Records excerpted from a collection:
• • • •

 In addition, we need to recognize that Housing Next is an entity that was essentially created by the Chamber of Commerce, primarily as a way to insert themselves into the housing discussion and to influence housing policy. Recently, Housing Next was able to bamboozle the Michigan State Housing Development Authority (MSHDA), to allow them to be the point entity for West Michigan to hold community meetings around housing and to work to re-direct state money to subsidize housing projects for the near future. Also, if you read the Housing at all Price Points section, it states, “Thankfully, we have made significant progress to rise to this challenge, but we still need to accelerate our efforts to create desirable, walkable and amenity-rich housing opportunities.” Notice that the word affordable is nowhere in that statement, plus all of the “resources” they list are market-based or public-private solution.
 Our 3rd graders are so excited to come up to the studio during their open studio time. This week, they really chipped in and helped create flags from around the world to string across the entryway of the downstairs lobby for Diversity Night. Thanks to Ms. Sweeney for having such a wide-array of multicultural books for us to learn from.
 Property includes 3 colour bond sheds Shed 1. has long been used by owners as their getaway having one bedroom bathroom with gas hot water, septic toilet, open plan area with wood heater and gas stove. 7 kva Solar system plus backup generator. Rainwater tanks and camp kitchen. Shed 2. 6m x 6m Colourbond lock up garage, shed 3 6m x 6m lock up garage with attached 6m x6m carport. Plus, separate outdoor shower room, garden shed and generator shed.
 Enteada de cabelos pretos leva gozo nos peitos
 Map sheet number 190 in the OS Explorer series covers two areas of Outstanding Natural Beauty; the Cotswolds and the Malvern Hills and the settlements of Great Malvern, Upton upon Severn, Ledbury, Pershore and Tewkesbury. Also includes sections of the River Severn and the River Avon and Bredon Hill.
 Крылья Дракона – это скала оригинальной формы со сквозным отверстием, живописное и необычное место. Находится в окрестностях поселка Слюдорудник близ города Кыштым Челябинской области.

• • • •

WHAT THE TASK ASKS - In this exercise, you retype all of the data exactly as it appears above.

COMPLETED TASK -
 In addition, we need to recognize that Housing Next is an entity that was essentially created by the Chamber of Commerce, primarily as a way to insert themselves into the housing discussion and to influence housing policy. Recently, Housing Next was able to bamboozle the Michigan State Housing Development Authority (MSHDA), to allow them to be the point entity for West Michigan to hold community meetings around housing and to work to re-direct state money to subsidize housing projects for the near future. Also, if you read the Housing at all Price Points section, it states, “Thankfully, we have made significant progress to rise to this challenge, but we still need to accelerate our efforts to create desirable, walkable and amenity-rich housing opportunities.” Notice that the word affordable is nowhere in that statement, plus all of the “resources” they list are market-based or public-private solution.
 Our 3rd graders are so excited to come up to the studio during their open studio time. This week, they really chipped in and helped create flags from around the world to string across the entryway of the downstairs lobby for Diversity Night. Thanks to Ms. Sweeney for having such a wide-array of multicultural books for us to learn from.
 Property includes 3 colour bond sheds Shed 1. has long been used by owners as their getaway having one bedroom bathroom with gas hot water, septic toilet, open plan area with wood heater and gas stove. 7 kva Solar system plus backup generator. Rainwater tanks and camp kitchen. Shed 2. 6m x 6m Colourbond lock up garage, shed 3 6m x 6m lock up garage with attached 6m x6m carport. Plus, separate outdoor shower room, garden shed and generator shed.
 Enteada de cabelos pretos leva gozo nos peitos
 Map sheet number 190 in the OS Explorer series covers two areas of Outstanding Natural Beauty; the Cotswolds and the Malvern Hills and the settlements of Great Malvern, Upton upon Severn, Ledbury, Pershore and Tewkesbury. Also includes sections of the River Severn and the River Avon and Bredon Hill.
 Крылья Дракона – это скала оригинальной формы со сквозным отверстием, живописное и необычное место. Находится в окрестностях поселка Слюдорудник близ города Кыштым Челябинской области.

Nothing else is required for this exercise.